Thirty layers were wound around a reel of 30 mm × 200 mm in length to produce a coil-shaped molded body.

After this, the coil-shaped molded body is placed in a firing furnace, and pressurized to 100 atm with oxygen gas in the firing furnace,
In this state, heat treatment was performed under the condition of 900 ° C. for 24 hours, and further heat treatment was performed at 500 ° C. for 24 hours to manufacture the target superconductor coil.

When the superconducting properties of the superconducting coil thus obtained were measured, the critical temperature was 90 K and the critical current density at 77 K was 3100 A / cm ^2, which was a good result. The density in the superconductor wire was 98% as determined from the cross-sectional structure, and it was a good value, and no void was observed. Furthermore, when a current of 10 A was passed through this superconductor coil and the strength of the generated magnetic field was measured, it was 60 G.

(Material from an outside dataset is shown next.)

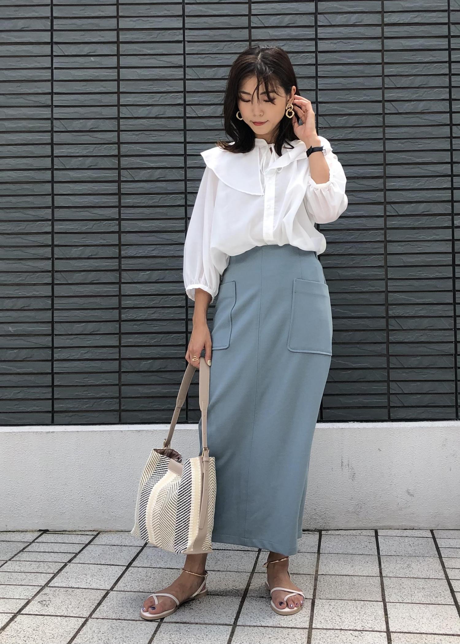 紫外線や冷房対策として丁度良く使える7分袖ブラウスのコーディネートです♪

On the other hand, for comparison with the present invention, a superconductor coil was produced under the same conditions except that the heat treatment in the above example was carried out under the condition of oxygen gas of 1 atm, and the characteristics of this superconductor coil were measured in the same manner. The critical temperature
90K, critical current density 900A / cm ² , density in supercurrent conductor wire 8
The generated magnetic field was 5% and the magnetic field was 15G.

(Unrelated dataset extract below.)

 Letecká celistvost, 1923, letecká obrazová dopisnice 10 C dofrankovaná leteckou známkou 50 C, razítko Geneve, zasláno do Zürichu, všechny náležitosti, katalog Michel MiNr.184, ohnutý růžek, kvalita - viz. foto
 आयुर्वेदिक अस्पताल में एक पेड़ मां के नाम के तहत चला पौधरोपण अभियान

Example 2 Using the same coil-shaped molded body produced in Example 1, heat treatment was performed with argon gas at a partial pressure of 800 atm and a partial pressure of 20 atm.
A superconductor coil was produced under the same conditions as in Example 1 except that the superconducting coil was used in an atmosphere of a mixed gas of 0 atm of oxygen gas.

The characteristics of the superconductor coil thus obtained were measured in the same manner as in Example 1, and the critical temperature
90K, critical current density 4800A / cm ² , density within superconductor wire 99
%, Good results were obtained with a generated magnetic field of 120 G.

[Effects of the Invention] As is clear from the above examples, according to the method for manufacturing a superconductor coil of the present invention, a heat treatment for the purpose of densifying an oxide superconductor and improving superconducting properties is performed at 10 atm to 1000 a.
Since it is performed in an oxygen-containing atmosphere pressurized to tm, oxygen can be uniformly supplied to the entire oxide superconductor of the coil-shaped formed body by a heat treatment for a relatively short time, and Since the generation of voids can be prevented,
Superconducting coils with excellent superconducting properties can be manufactured at low cost. In addition, the obtained superconductor coil also has excellent coil performance.

Claims (5)

(57) [Claims] 1. A step of forming a wire material in which a tube material made of silver or a silver alloy is filled with an oxide superconductor powder or a mixed powder which becomes an oxide superconductor by heating into a required coil shape, and a step of forming the coil shape. In a method for manufacturing a superconductor coil having a step of heat-treating a molded body in an oxygen-containing atmosphere, the heat-treating step is performed in an oxygen-containing atmosphere pressurized to 10 atm to 1000 atm. Production method. 2. The method for producing a superconductor coil according to claim 1, wherein the oxygen partial pressure in the pressurized oxygen-containing atmosphere is in the range of 10 atm to 500 atm. 3. The method for producing a superconductor coil according to claim 1, wherein the oxide superconductor is a perovskite type oxide superconductor containing a rare earth element. 4. The superconductor according to claim 1, wherein the oxide superconductor contains rare earth elements, Ba and Cu in an atomic ratio of substantially 1: 2: 3. Body coil manufacturing method. 5. The oxide superconductor is LnBa ₂ Cu ₃ O _7-δ.
(Ln represents at least one element selected from rare earth elements, and δ represents oxygen deficiency.) The oxygen-defective perovskite structure has a superconducting structure according to claim 1. Coil manufacturing method.